In 1996, the Parliamentary Assembly of the Council of Europe adopted Resolution No. 1096, “Measures to dismantle the heritage of former communist totalitarian systems” (English: Resolution 1096 (1996) “Measures to dismantle the heritage of former communist totalitarian systems”15), which summarizes the practice of lustration in post-socialist countries. It also outlines requirements for implementing lustration through an independent civic commission, removing those subject to lustration from public office for no more than five years, and other democratic principles of this process. It is also one of the key documents that should be used as a reference in carrying out lustration. Among its important provisions:
No one shall be subjected to lustration solely for membership in any organization or for activities carried out on behalf of any organization that were lawful at the time of such membership or activity… guilt, being individual and not collective, must be established on an individual basis16.
As for Russia, lustration of the nomenklatura was never carried out, and as a result the nomenklatura remained in power. On December 17, 1992, Galina Starovoitova submitted to the Supreme Soviet of the Russian Federation a draft law “On the Ban on Professions for Implementers of Totalitarian Policy”17, however, such a law was not adopted. According to RBC, in 1997 Starovoitova attempted to submit this bill to the State Duma18. In 1998 she was murdered.
The tasks of lustration
One of the most important tasks of lustration is to dismantle the organically inherent methods and mechanisms of the nomenklatura for behind-the-scenes decision-making, interpersonal and group interactions in the process of preparing and adopting such decisions, as well as the established corrupt networks and mechanisms at the highest levels of power. A complete replacement of the country’s top leadership would make it possible to break these entrenched corrupt ties.

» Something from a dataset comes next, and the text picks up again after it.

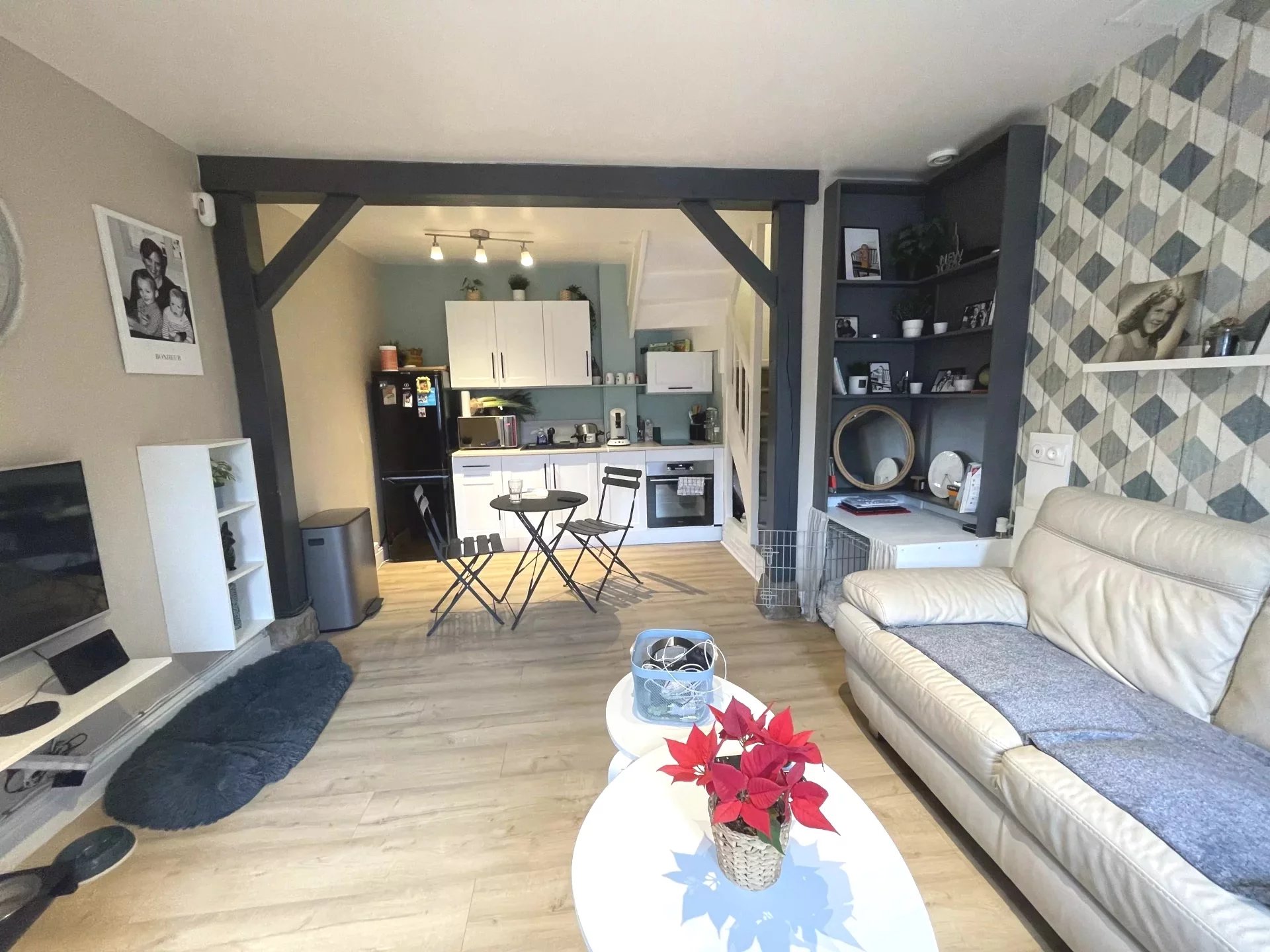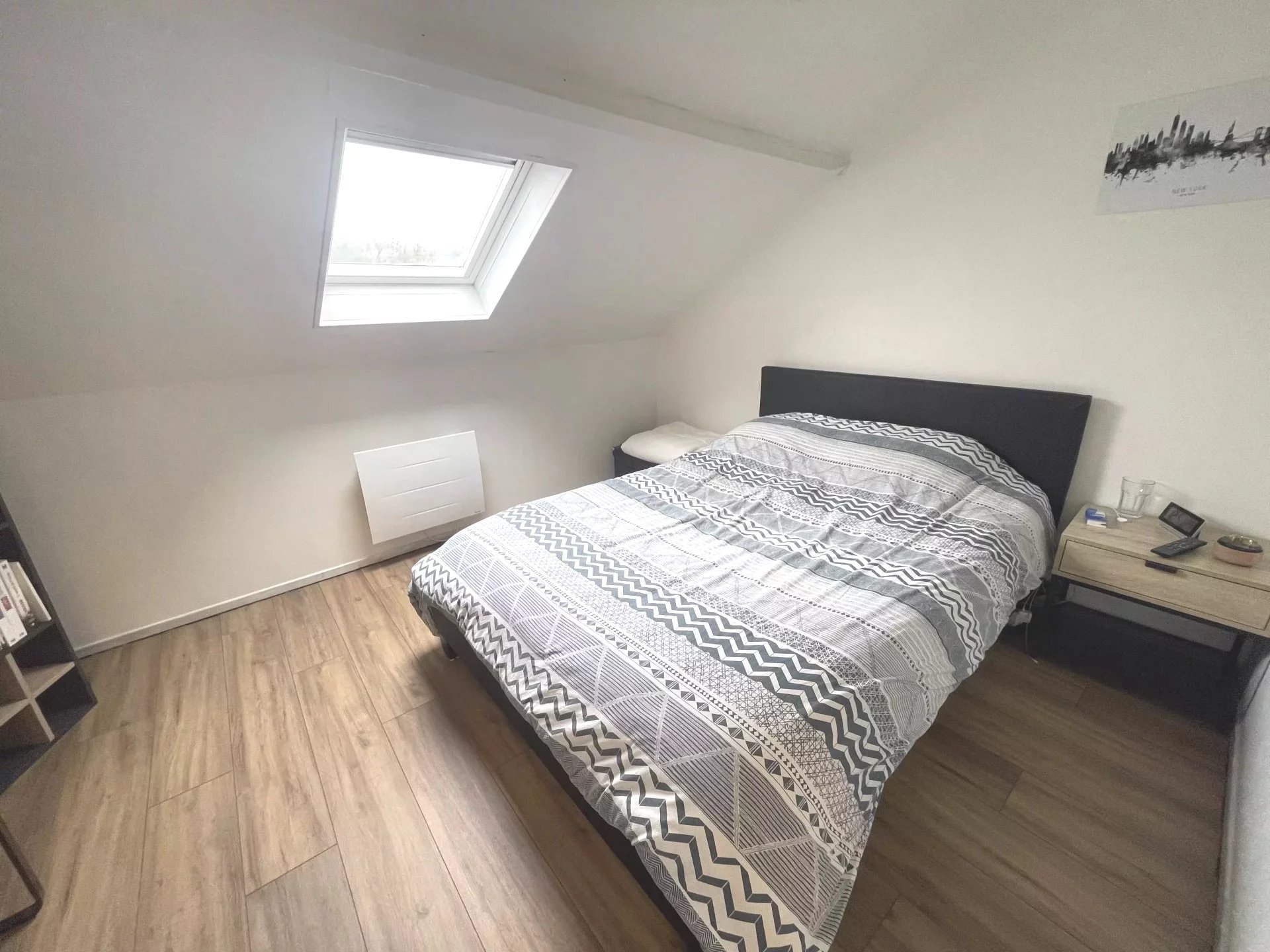 Elle vous offre au rdc un séjour avec cuisine ouverte équipée, à l'étage un palier dessert une grande chambre, une salle de douche et toilette/lingerie.

Social democrats should also eliminate the system of state privileges that fed the Soviet nomenklatura (we previously linked to an article discussing this system) and continues to feed today’s one. This system of privileges is one of the major expenditure channels directing state budgets in an anti-egalitarian direction. It is also important to deprive the nomenklatura of mass media outlets (and the most egregious propagandists of capital as well), which could otherwise enable new attempts to rehabilitate Stalinism. One of the reasons lustration is necessary is that the old nomenklatura will not allow progressive democratic reforms to be carried out:
Bankers push for looser financial regulation, industrialists demand greater protection of trade, trade unions insist on higher minimum wages, and all of them do so without considering the consequences for national financial stability, consumer prices, or unemployment… Even if the state apparatus has managed to solve the problem of incomplete information and somehow designed sound policies, it may, especially in poor countries, simply lack the human and financial resources to implement them properly19.
Therefore, it is necessary that the new property-owning and ruling strata of society have fewer capacities to resist reforms. Lustration is needed because the old nomenklatura will simply not allow reforms to be implemented. Finally, another task is to strike a truly serious blow against the nomenklatura’s ideology — statism, which is close to fascism and helps justify abuses of power in the country.

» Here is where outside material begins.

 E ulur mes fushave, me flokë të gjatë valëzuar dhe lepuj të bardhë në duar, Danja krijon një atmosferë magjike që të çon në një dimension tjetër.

To combat corruption and ensure favorable conditions for the creation of a fully functioning democracy — these are the goals that nomenklatura lustration is intended to help achieve.
Some argue that lustration in Russia would be impossible because there would be no personnel to replace those removed. However, first, lustration does not necessarily have to be mass-scale — it may affect only a few thousand of the most influential state officials and closely associated individuals. Second, in the summer of 2004, the Georgian government under Mikheil Saakashvili dismissed more than 15,000 employees of the then-road police (former traffic police) in a single day and created an entirely new structure — the traffic police20. Shortly afterward, Georgia became one of the safest countries in Europe.
Soft or hard scenario
There are two main scenarios for carrying out nomenklatura lustration — soft and hard. The first may be implemented if the nomenklatura, without significant threats to its regime, agrees to negotiate with the opposition and voluntarily transfers power to a broad opposition broad coalition in exchange for guarantees of its security and freedom. If, however, a change of power requires violent actions, then a hard scenario is more likely, similar to denazification in Germany.
In both cases, as mentioned above, lustration should be carried out by an independent civic commission formed from candidates proposed and approved by the highest bodies of the new government (additional maximum protection must be ensured for members of the commission). At the same time, the new authorities must be prepared for the commission’s independence to be verified by external actors, such as the Council of Europe or representatives of the mass media.

Hard scenario
The general step-by-step procedure for implementing a hard lustration scenario is as follows:
- Removal of the current Russian nomenklatura from all positions held by its representatives;
- Complete dismantling of the system of state provisions for public officials, replacing it — where necessary — with increased salaries (along with full public transparency of such data);
- Compiling lists of individuals subject to lustration;
- Defining categories of responsible persons and sanctions for each of these categories;
- Requiring individuals from the above-mentioned lists to submit sworn written declarations in which they must disclose all abuses of power they have committed;
- Establishing an independent commission to investigate crimes of the nomenklatura and the outcomes of the nomenklatura privatization of the 1990s;
- Conducting court proceedings based on the results of these investigations;
- Holding public trials for offenders from the first category of responsible persons.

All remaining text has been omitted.